A statistically robust and computationally efficient LP-based method for estimating the topology of a large sparse undirected graph from high-dimensional data yields representations of genetic networks that are biologically plausible and useful abstractions of the structures of real genetic networks. Analysis of the statistical and topological properties of learned LP-SLGNs may have practical value; for example, genes with high random walk betweenness, a measure of the centrality of a node in a graph, are good candidates for intervention studies and hence integrated computational - experimental investigations designed to infer more realistic and sophisticated probabilistic directed graphical model representations of genetic networks. The LP-based solutions of the sparse linear regression problem described here may provide a method for learning the structure of transcription factor networks from transcript profiling and transcription factor binding motif data.

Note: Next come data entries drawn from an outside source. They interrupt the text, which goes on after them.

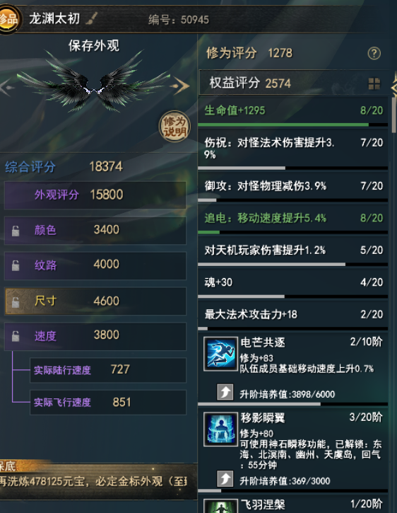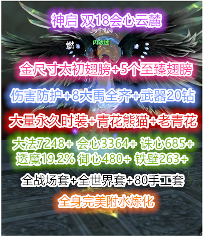 二代金尺寸太初翅膀 + 5个至臻翅膀 + 大量XZX永久时装 新青花熊猫+老青花 + 武魂3个 +(13.6万风华值 )
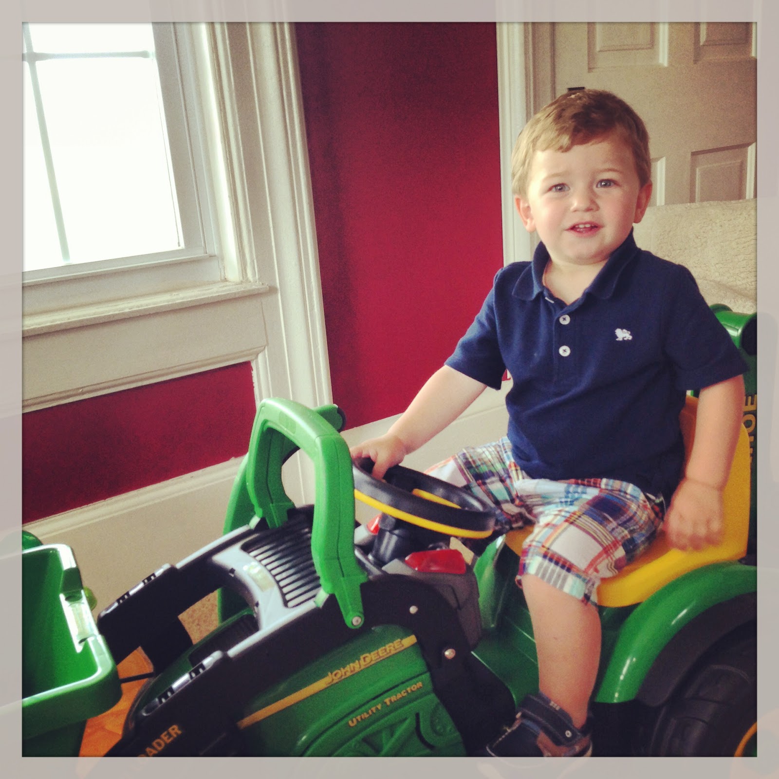 So why wouldn’t we purchase him an enormous battery powered John Deere tractor with a loader and a backhoe? Why wouldn’t I want to give my already quite speedy toddler wheels to ride and most likely steer poorly?
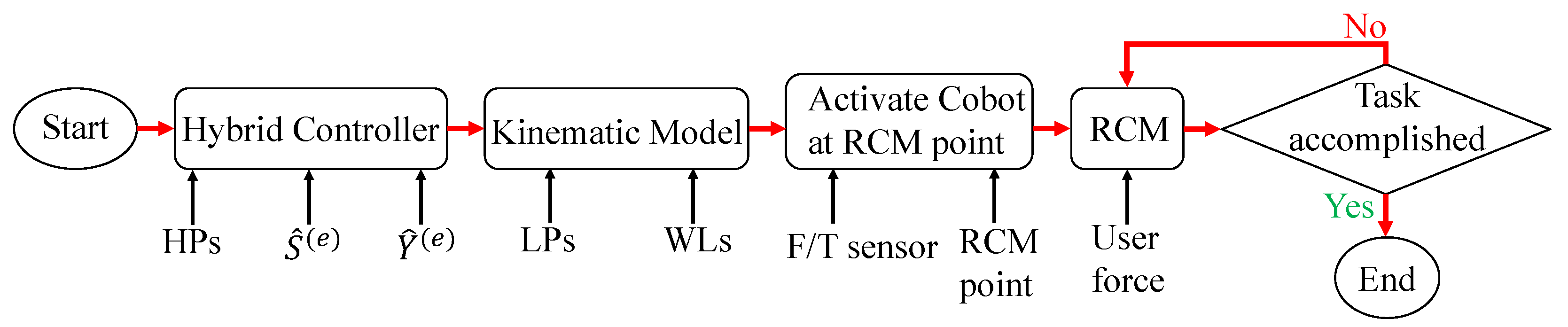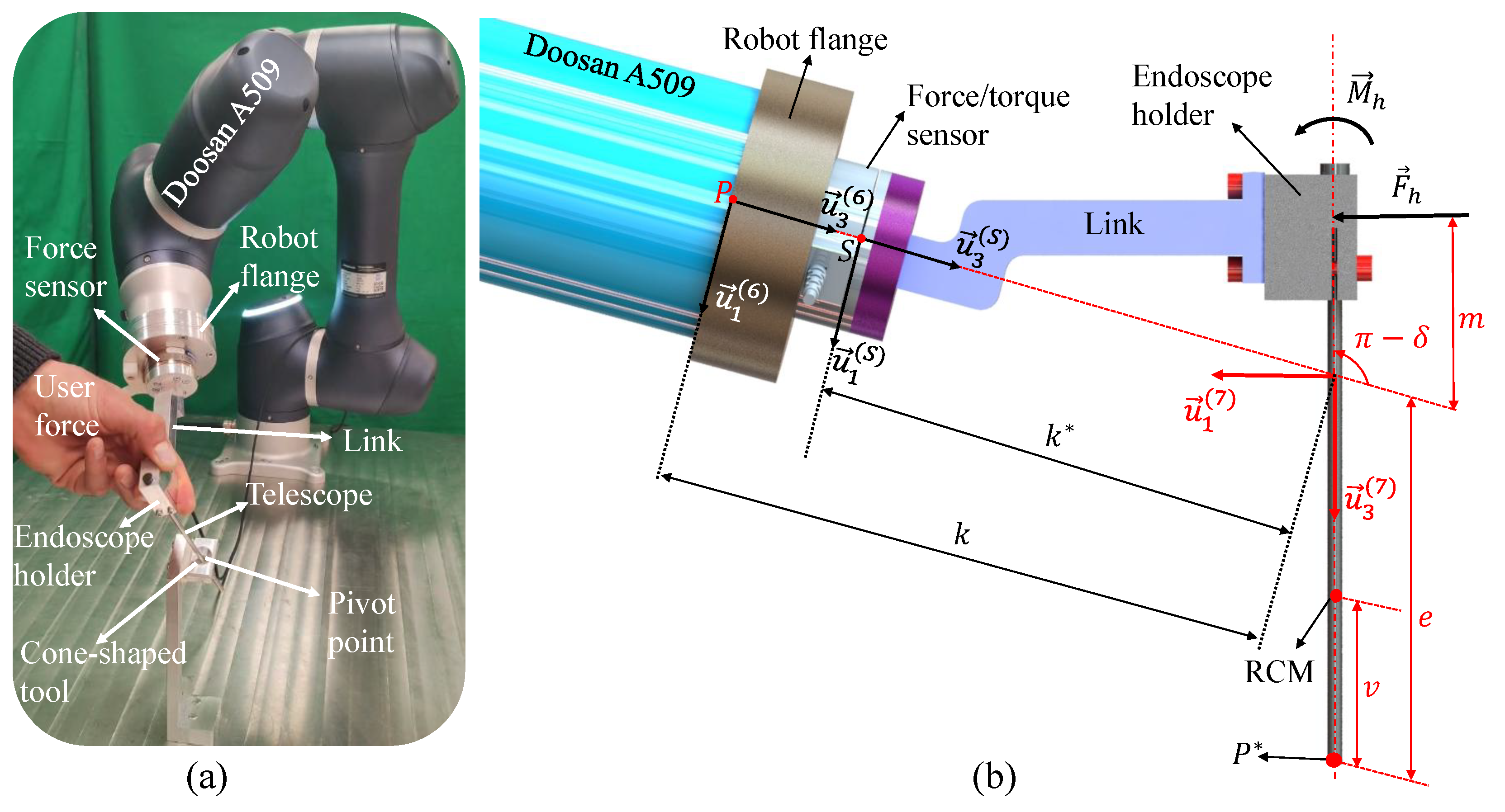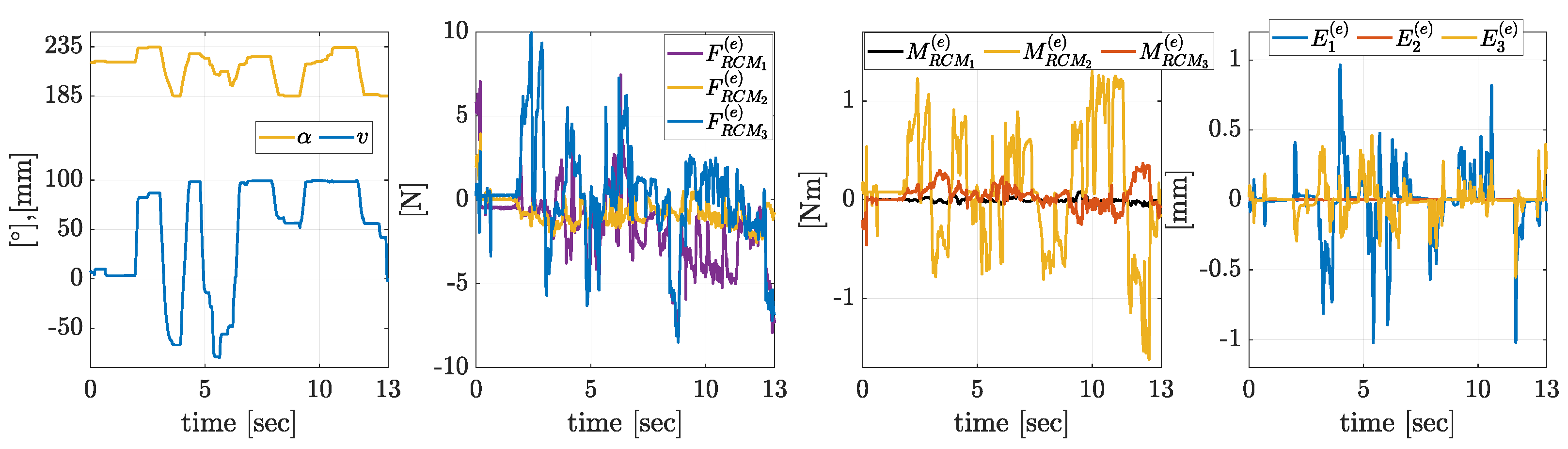 14], a hybrid admittance controller is developed by keeping the robot at the RCM point through position control while providing compliance at the tool (i.e., the tip point of the endoscope). However, similar to the previous study, also in this study, the mass and inertia properties of the robot have to be precisely known due to the torque-control strategy.

基因网络可以表示为一个有向图,其中节点对应一个基因,有向边指定一个基因对另一个基因的影响方向。从转录谱数据重建此类网络仍然是一项重要且具有挑战性的工作。转录谱指定了感兴趣的生物样本中许多基因的丰度。从高维转录谱数据学习基因网络结构的主流策略假定稀疏性和线性。许多方法考虑相对较小的有向图,推断节点数多达几百个的图。这项工作研究基因网络的大型无向图表示,即具有数千个节点的图,其中两个节点之间的无向边不表示影响方向,以及从转录谱数据估计这种稀疏线性基因网络(SLGN)结构的问题。
结构学习任务被转化为一个稀疏线性回归问题,然后将其作为一个套索(l1约束拟合)问题提出,并最终通过制定一个线性规划(LP)来解决。根据留一法误差给出了这种方法的泛化误差界。使用模拟数据和真实数据对LP-SLGN的准确性和实用性进行了定量和定性评估。逆向工程评估与方法对话(DREAM)计划提供了金标准数据集和评估指标,这些指标能够并便于比较用于推导网络结构的算法。从INSILICO1、INSILICO2和INSILICO3模拟的DREAM2数据集估计的LP-SLGN结构与DREAM2竞赛中排名第一和/或第二的团队提出的结构相当。从两个已发表的酿酒酵母细胞周期转录谱数据集估计的LP-SLGN结构捕获了已知的调控关联。在每个酿酒酵母LP-SLGN中,具有特定度数的节点数量遵循近似幂律,这表明其度数分布与在现实世界网络中观察到的相似。对这些LP-SLGN的检查提出了适合实验验证的生物学假设。
一种基于LP的统计稳健且计算高效的方法,用于从高维数据估计大型稀疏无向图的拓扑结构,产生了基因网络的表示,这些表示在生物学上是合理的,并且是真实基因网络结构的有用抽象。对学习到的LP-SLGN的统计和拓扑性质的分析可能具有实际价值;例如,具有高随机游走介数(一种衡量图中节点中心性的指标)的基因是干预研究的良好候选对象,因此是旨在推断更现实和复杂的基因网络概率有向图形模型表示的综合计算 - 实验研究。这里描述的稀疏线性回归问题的基于LP的解决方案可能提供一种从转录谱和转录因子结合基序数据学习转录因子网络结构的方法。